The Km values determined for the monoterpene synthases from C. limon as determined by Michaelis–Menten kinetics are in a similar range as the values for other monoterpene synthases cloned thus far. The limonene synthases have a lower Km value than the β-pinene and the γ-terpinene synthase. Although no data are available about relative expression ratios of the four genes, the difference in Km may explain in part why the level of limonene compared to the other main products in the lemon peel is so much higher.

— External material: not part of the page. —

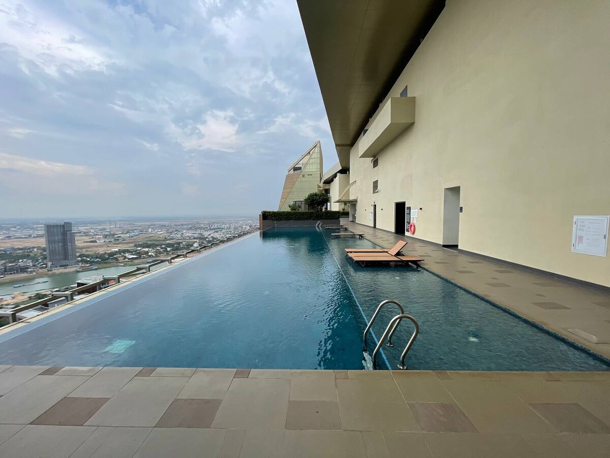 Located in the Best Area in Phnom Penh. Accessible to Popular places such as Royal Palace, Riverside, Local Markets, Shopping Mall (AEON/Soho Mall) & Naga Casino (1 min walk away) Mega 55 storey high Residential Building with Shopping Mall Great Space, apartment is 60sqm in Floor area. Fully Air-condition Fully furnish with amenities, washer/dyer & ironing set, TV & etc. Kitchen full set up with cooking & dinning set. Amazing facilities -Infinity Pool + Indoor GYM Daily Cleaning Good WIFI

This report describes the first cloned monoterpene synthase that forms γ-terpinene as a major product. A homodimeric γ-terpinene synthase enzyme, purified from T. vulgaris produced in addition to the main product also small amounts of α-thujene and lesser quantities of myrcene, α-terpinene, limonene, linalool, terpinen-4-ol, and α-terpineol . However the gene encoding this enzyme has so far not been isolated. In addition this is the first report on a (–)-β-pinene synthase cDNA.
Limonene is widely used in beverages and the cosmetics industry, and (+)-limonene also has anticarcinogenic properties . The previously isolated (+)-limonene synthase from S. tenuifolia produces, apart from (+)-limonene, also a substantial amount of a nonidentified monoterpene side product . The lemon cDNA encoding (+)-limonene synthase however, produces more than 99% pure and exclusively (+)-limonene. Such a pure compound synthesized by a heterologously expressed enzyme could perhaps be a more natural alternative than chemical synthesis and possibly a cheaper alternative than purification from plants.